The only reason I can see to get a Xeon is to get more than 128GB. If you only need 128GB, would it ever make sense to get a Xeon system?


----------



## thereus (Nov 14, 2017)

You can do 128GB with an i7 or an i9.


----------



## chimuelo (Nov 14, 2017)

I use an i7 5775C which was a Xeon but rebranded to make room since Intel was dumping chips at a fast rate for a while now.
This chip is now called v6, and has different cache.
But the only real difference is being a higher binned Chip, best on the wafer.

Chipsets for Xeons allow more features and are higher quality.
The 5775C has a 128MB L4 Cache meant for iGPU.
But disabling the iGPU allows the audio apps to use it.

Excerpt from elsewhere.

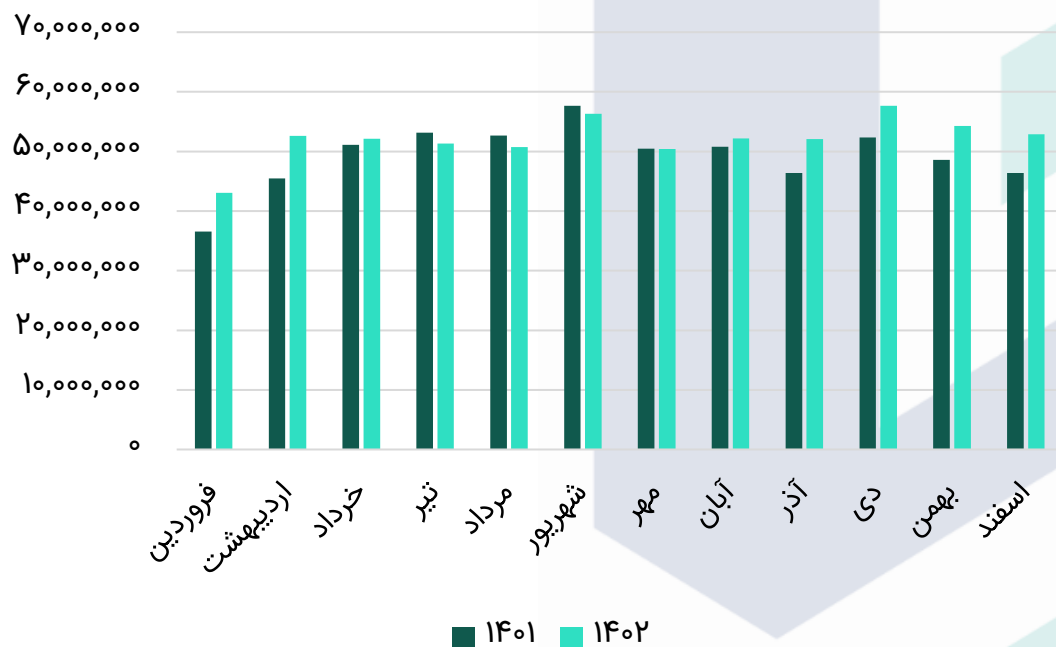
روند مقداری تولید (واحد)

It’s a low TDP 3.3GHz that gets as much work as my i7 4790k CPUs that are running at a faster clock.

I’ve been using Server Boards for a while now with the lower featured chipsets.
Mostly H97.

Found my sweet spot.

Xeons with C236 chipsets are pretty nice if you want more RAM than the consumer boards offer.


----------



## Gerhard Westphalen (Nov 14, 2017)

chimuelo said:


> I use an i7 5775C which was a Xeon but rebranded to make room since Intel was dumping chips at a fast rate for a while now.
> This chip is now called v6, and has different cache.
> But the only real difference is being a higher binned Chip, best on the wafer.
> 
> ...



I'm looking into building a monster slave to end all slaves for someone so I'm looking into if an i9 will give the necessary performance. It seems like other Hollywood composers using a single slave have something like a dual 14 core Xeon E5-2680 v4. I'm not sure if all of the performance power is necessary (or even usable) and if an i9 will be enough.

My 6 core i7 has been enough for me to create dense mockups using 3 mic positions but I was using high buffer. This computer will need to work at a lower buffer. I'm thinking 10 cores at ~4GHz should be enough.


----------



## chimuelo (Nov 14, 2017)

Sounds big and bad already.
Still going to basically be i7 7000 Series Cores.
The new chipsets are always going to help out with addressing additional Cores though.
Now if we could get software developers to break down and write fresh code.
I’m excited my Hardware DSP Developer is releasing new drivers.
It’s been 9 years, and I’m excited as in a few years I can select mature products that keep rolling out every few months.

Intel just discontinued i7 6000 chips.
Hell they are only a couple years old.
No time to see Server Boards or more H series variants....

You’ll be happy with a huge fast Slave.


----------